Traduction explicative
Hakîm Ibn Hizâm (radhia Allâhou anhou) affirme :
« Le Messager d’Allah (sallallâhou ‘alayhi wa sallam) m’a interdit de vendre ce que je n’ai pas. »
(Authentifié par Al Albâni)
ذَكَرَ عَبْدَ اللَّهِ بْنَ عَمْرٍو أَنَّ رَسُولَ اللَّهِ صلى الله عليه وسلم قَالَ لاَ يَحِلُّ سَلَفٌ وَبَيْعٌ وَلاَ شَرْطَانِ فِى بَيْعٍ وَلاَ رِبْحُ مَا لَمْ يُضْمَنْ وَلاَ بَيْعُ مَا لَيْسَ عِنْدَكَ
قَالَ أَبُو عِيسَى وَهَذَا حَدِيثٌ حَسَنٌ صَحِيحٌ
Traduction explicative
Abdoullâh Ibn ‘Amr (radhiya Allâhou ‘anhou) rapporte que le Messager d’Allah (sallallâhou ‘alayhi wa sallam) a dit :
« Il n’est pas licite (de combiner) un emprunt et une vente, ni de (spécifier) deux conditions dans une vent, ni de tirer un bénéfice de ce dont on ne supporte pas (encore) le risque (de perte), ni de vendre ce qu’on ne possède pas. »
(Authentifié par Al Albâni)
Commentaires
« Ne vends pas ce que tu ne possèdes pas »
Il n’est pas permis au musulman de vendre (directement ou par le biais d’un mandataire (wakîl)) un bien dont il n’est pas encore propriétaire et qui ne lui appartient pas[1] : ce type de transaction relève du bay’ oul gharar. Les oulémas des madhâhib les plus connus s’accordent sur ce point, énoncé très clairement dans les propos du Messager d’Allah (sallallâhou ‘alayhi wa sallam) rapportés par Hakîm Ibnou Hizâm (radhiya Allâhou ‘anhou) et cités ci-dessus.[2]
Exemple :
- « A » vend à « B » un véhicule qui appartient à « C ». « A » a en fait l’intention d’acheter cette voiture à « C » par la suite pour la livrer ainsi à « B » : une telle transaction est interdite et est invalide dans le droit musulman, étant donné que, au moment où elle est conclue, le bien cédé n’appartient pas au vendeur.

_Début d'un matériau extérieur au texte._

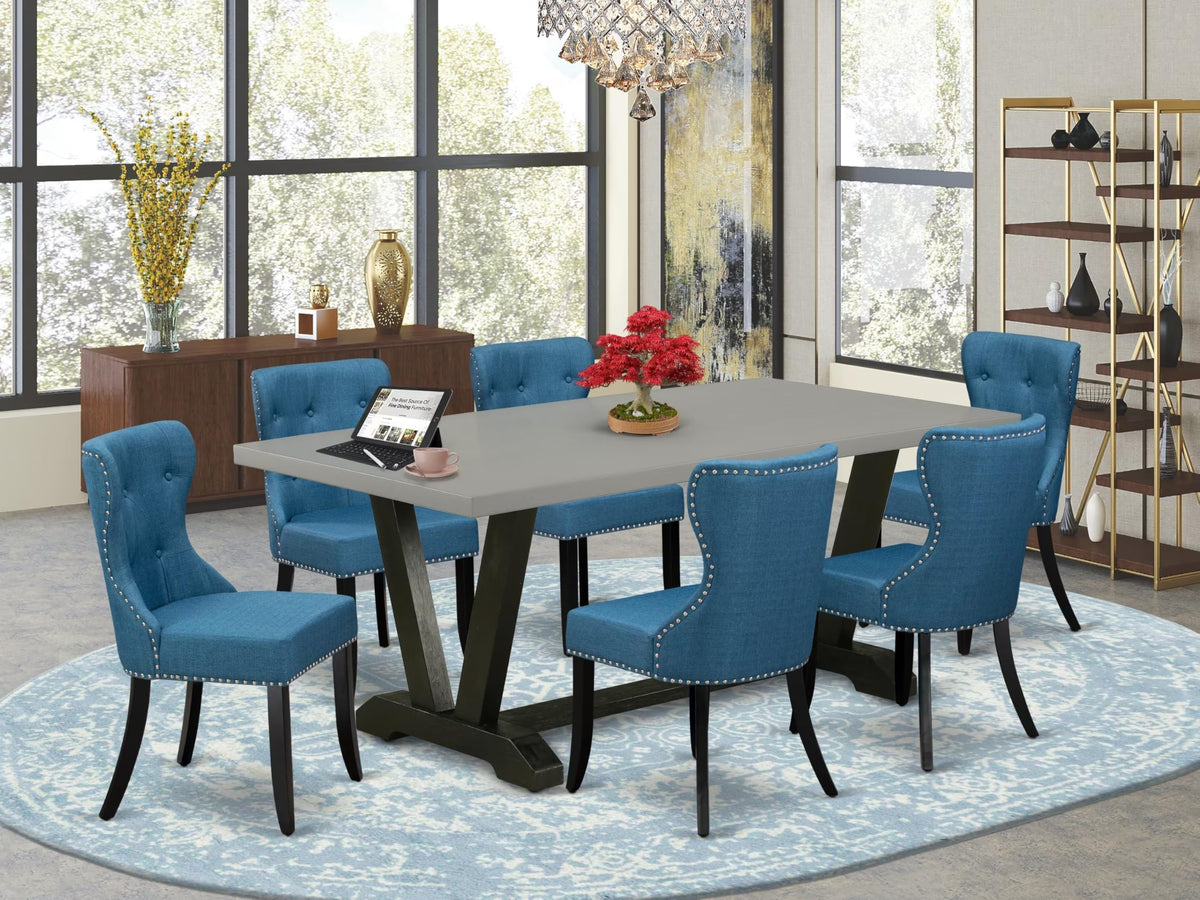 East West Furniture - V697Si121-7 - 7-Pc Kitchen Dining Seta Refined Dining Arrangement Consists Of A Rectangular Table And Six Exquisite Mid-Century Dining Chairs, Adding To The Charm Of Your Dining Area. This Seven-Piece Dining Set Introduces A Modern And Distinctively Beautiful Aesthetic With Its Sleek Tabletop And Comfortable Seating. Its Adaptable Design Effortlessly Complements Various Interior Styles, Ensuring Timeless Elegance In Your Home For Years To Come. This Kitchen Furniture Ensemble Combines Sophisticated Elements, Including A Cement Rectangular Tabletop With Wire Brushed Black Wooden Legs. Our Kitchen Parson Chairs Have Black-Finished Frames And Are Upholstered In Linen Fabric, Featuring A Striking Blue Button Tufted Chair Back. These Parson Dining Chairs Are Known For Their Button-Tufted Chair Back And Are Expertly Crafted With A Wooden Frame. The Chairs' Frames Are Constructed From High-Quality Asian Wood, Ensuring Exceptional Strength And Durability. Additionally, The Chairs Have Low-Maintenance Seats, Making Them Perfect For Everyday Use In A Professional Dining Setting. The Rectangular Breakfast Table Showcases An Elegant Design, Featuring A Rectangular Top Supported By Robust Wooden Legs. The Dining Chairs Provide Exceptional Comfort With Their Linen Fabric Seats, Button Tufted Chair Backs, And Sturdy Frames. This Distinctive Dining Table Set Exudes Timeless Sophistication, Seamlessly Fitting Into Any Decor Style.Product Features: Material: Asian Hardwood Seating Material: Linen Fabric Table Top Color: Cement Table Legs Color: Wire Brushed Black Chairs Legs Color: Black Chairs Fabric Color: Blue Table Dimensions: Length: 72; Width: 40; Height: 30. Chairs Dimensions: Length: 21.5; Width: 19.5; Height: 35.5.Included: A Dining Table And 6 Padded Parson Chair.

Il est à noter que la condamnation prophétique énoncée ici concerne les ventes d’objets déterminés (bouyoû’ oul a’yân). Les ventes d’objets non déterminés mais dont les caractéristiques sont bien définies (bouyoû’ ous sifât) sont, elles, autorisées (sous certaines conditions), et ce, même si les biens concernés n’appartiennent pas au vendeur au moment de la transaction. C’est le cas par exemple dans le bay’ ous salam (la vente à terme, où le règlement de la marchandise est immédiat mais sa livraison est, elle, différée) qui a été explicitement autorisé dans les Ahâdîth.
[3]
« Il n’est pas licite (de combiner) un emprunt et une vente »
L’expression « salafoun wa bay’oun » (un emprunt et une vente), mentionnée dans le présent Hadith, désigne notamment :
- la vente (ou l’achat) conditionnée à un emprunt. Exemple : Une personne dit à une autre – « Je te vends ce véhicule pour 5 000 € (ou je t’achète cette chambre pour 1500 €) à condition que tu me prêtes 10 000 €. »
- le prêt conditionné à une vente (ou à un achat). Exemple : Quelqu’un dit à celui qui veut lui emprunter de l’argent – « J’accepte de te prêter les 10 000 € que tu me demandes à condition que tu me vendes cet armoire pour 100 € (ou à condition que tu m’achètes ce bureau 500 €). »
Conformément aux propos du Messager d’Allah (sallallâhou ‘alayhi wa sallam), ces deux types de transaction ne sont donc pas autorisés.[4]
Parmi les raisons qui ont été avancées pour expliquer cette interdiction, il y a notamment le fait que ce genre d’opérations est, (généralement) pour le prêteur, un moyen d’obtenir un bénéfice sur le prêt consenti : ainsi, en plus de récupérer (à terme) le montant de départ, il cherche à percevoir un avantage à travers la seconde transaction réalisée (en vendant par exemple son bien à un prix plus élevé ou en achetant le bien de l’emprunteur à prix moins important), ce qui s’apparente à du ribâ. En effet, les juristes musulmans s’accordent pour considérer que :
كُلُّ قَرْضٍ جَرَّ مَنْفَعَةً فَهُوَ رِبَا
« Tout emprunt qui rapporte un avantage (conditionné au prêteur par rapport à ce qu’il a avancé initialement) constitue du ribâ (et est donc strictement interdit). »[5]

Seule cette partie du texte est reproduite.